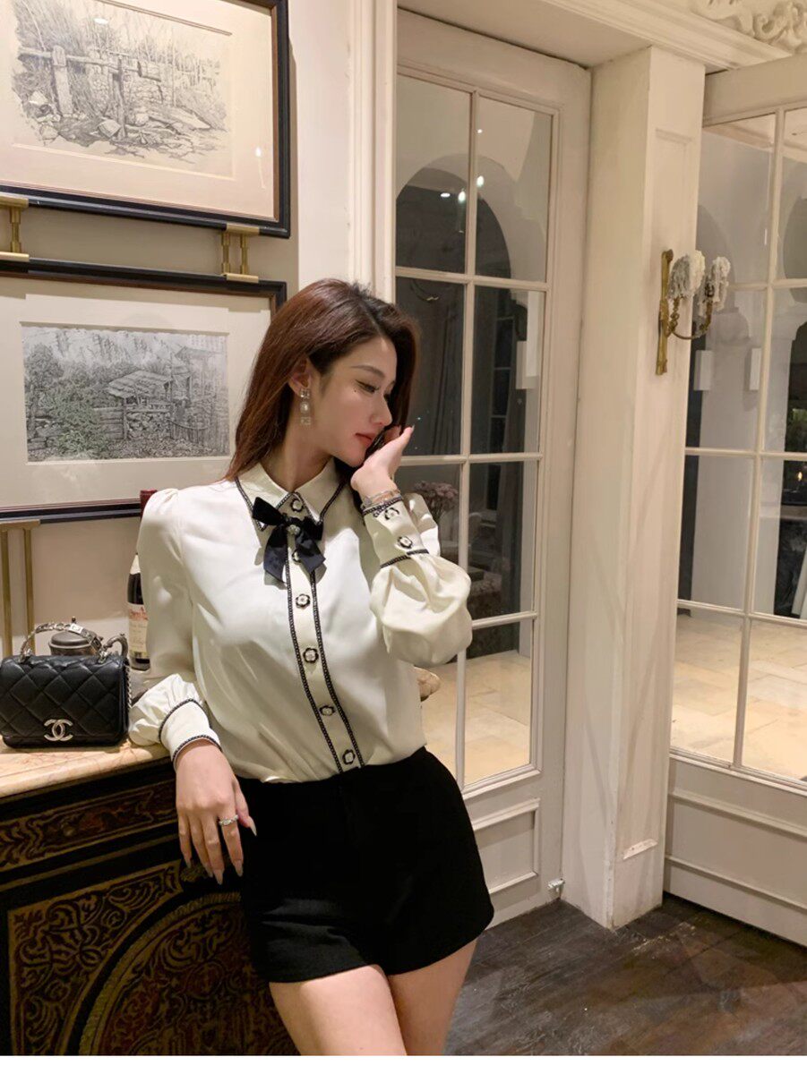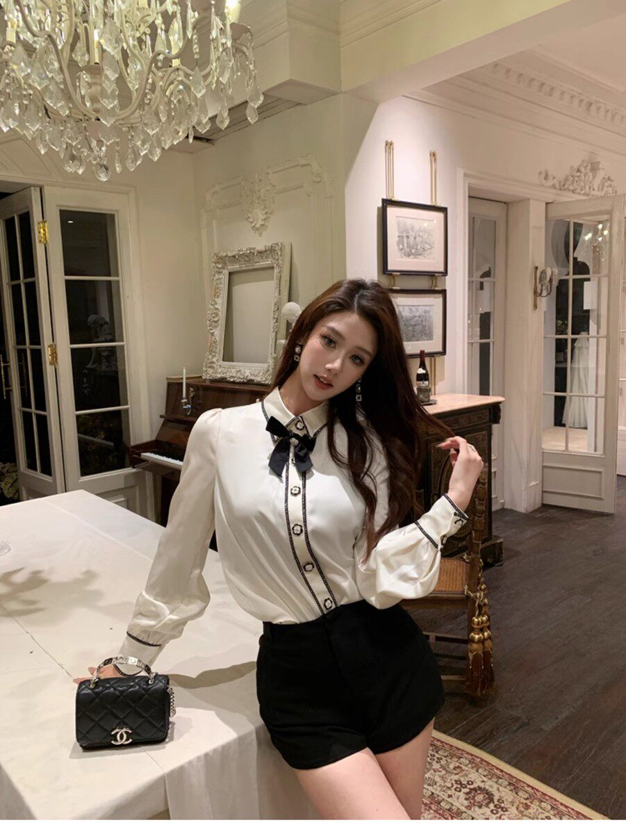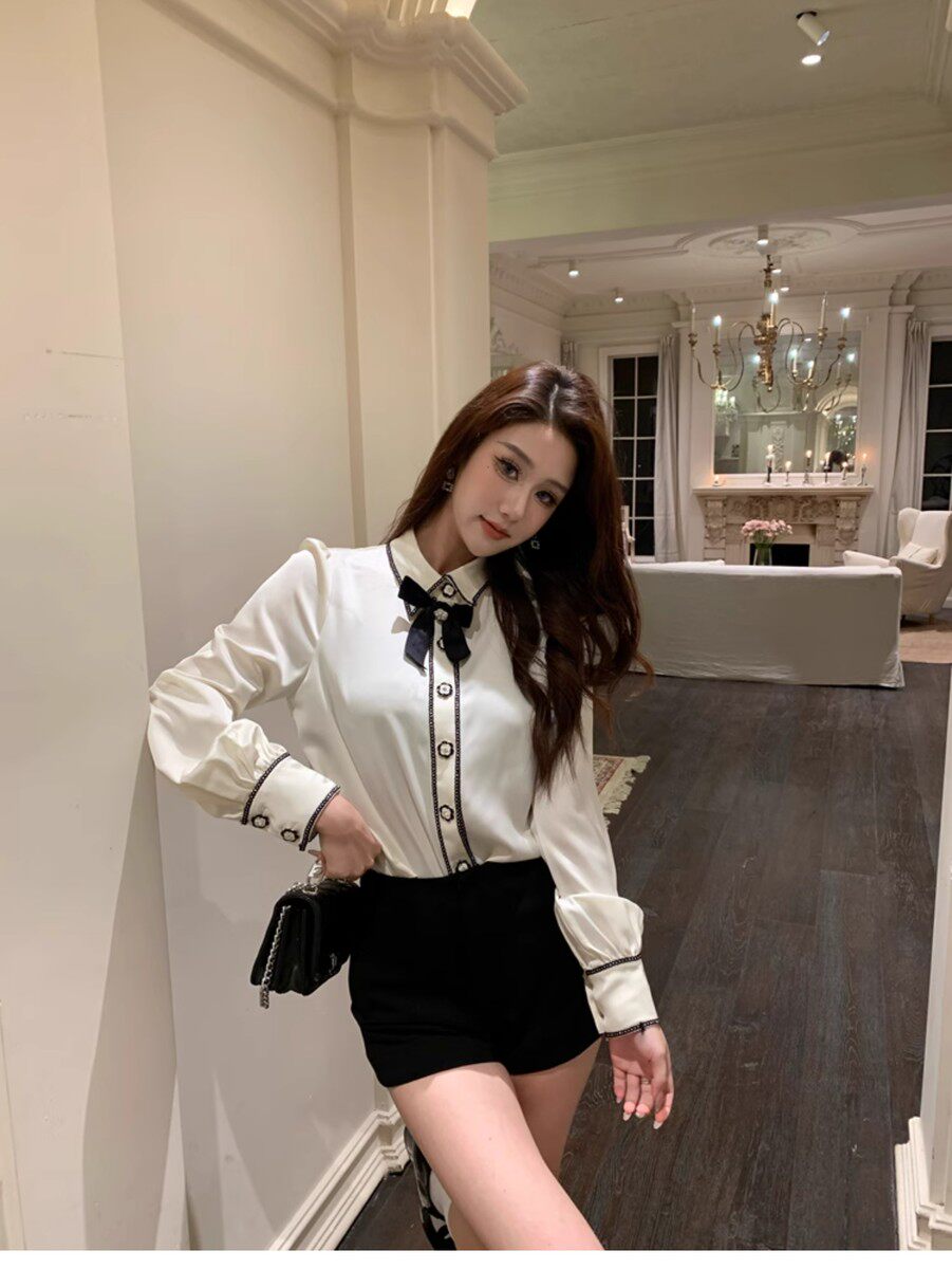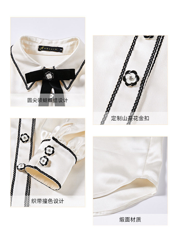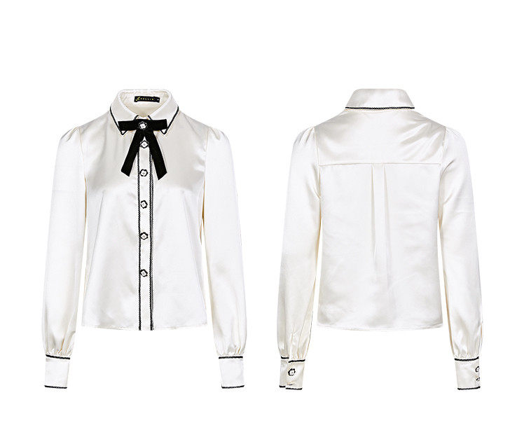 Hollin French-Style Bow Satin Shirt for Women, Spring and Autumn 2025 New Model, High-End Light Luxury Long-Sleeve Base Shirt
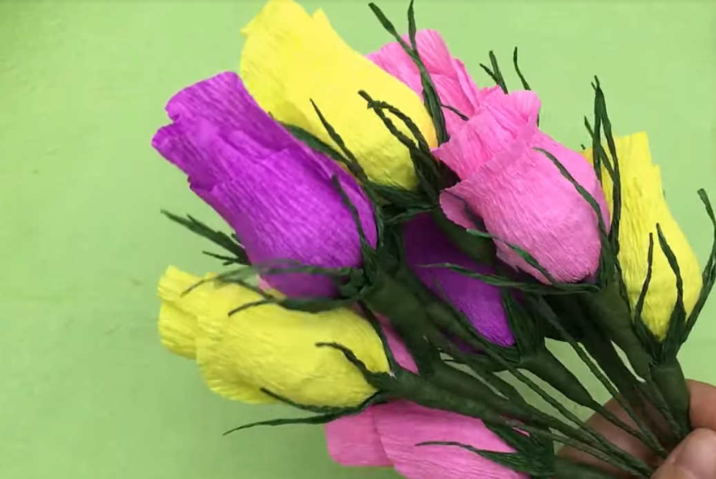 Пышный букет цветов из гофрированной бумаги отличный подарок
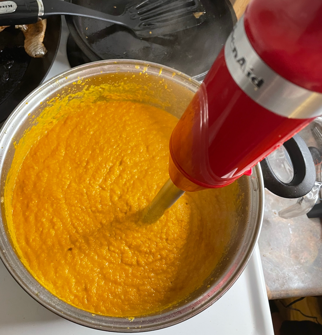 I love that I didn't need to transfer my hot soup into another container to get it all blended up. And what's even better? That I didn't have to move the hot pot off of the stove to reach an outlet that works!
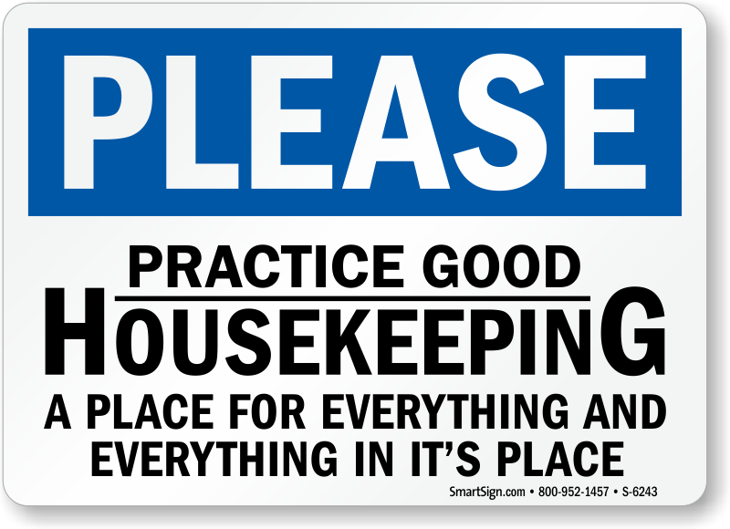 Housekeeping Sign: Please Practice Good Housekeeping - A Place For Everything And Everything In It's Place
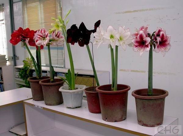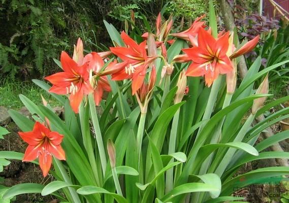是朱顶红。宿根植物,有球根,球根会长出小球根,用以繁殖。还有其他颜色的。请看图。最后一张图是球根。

------

Everything in the data above gets copied exactly. Only the pictures are skipped.

 Hollin French-Style Bow Satin Shirt for Women, Spring and Autumn 2025 New Model, High-End Light Luxury Long-Sleeve Base Shirt
 Пышный букет цветов из гофрированной бумаги отличный подарок
 I love that I didn't need to transfer my hot soup into another container to get it all blended up. And what's even better? That I didn't have to move the hot pot off of the stove to reach an outlet that works!
 Housekeeping Sign: Please Practice Good Housekeeping - A Place For Everything And Everything In It's Place
是朱顶红。宿根植物,有球根,球根会长出小球根,用以繁殖。还有其他颜色的。请看图。最后一张图是球根。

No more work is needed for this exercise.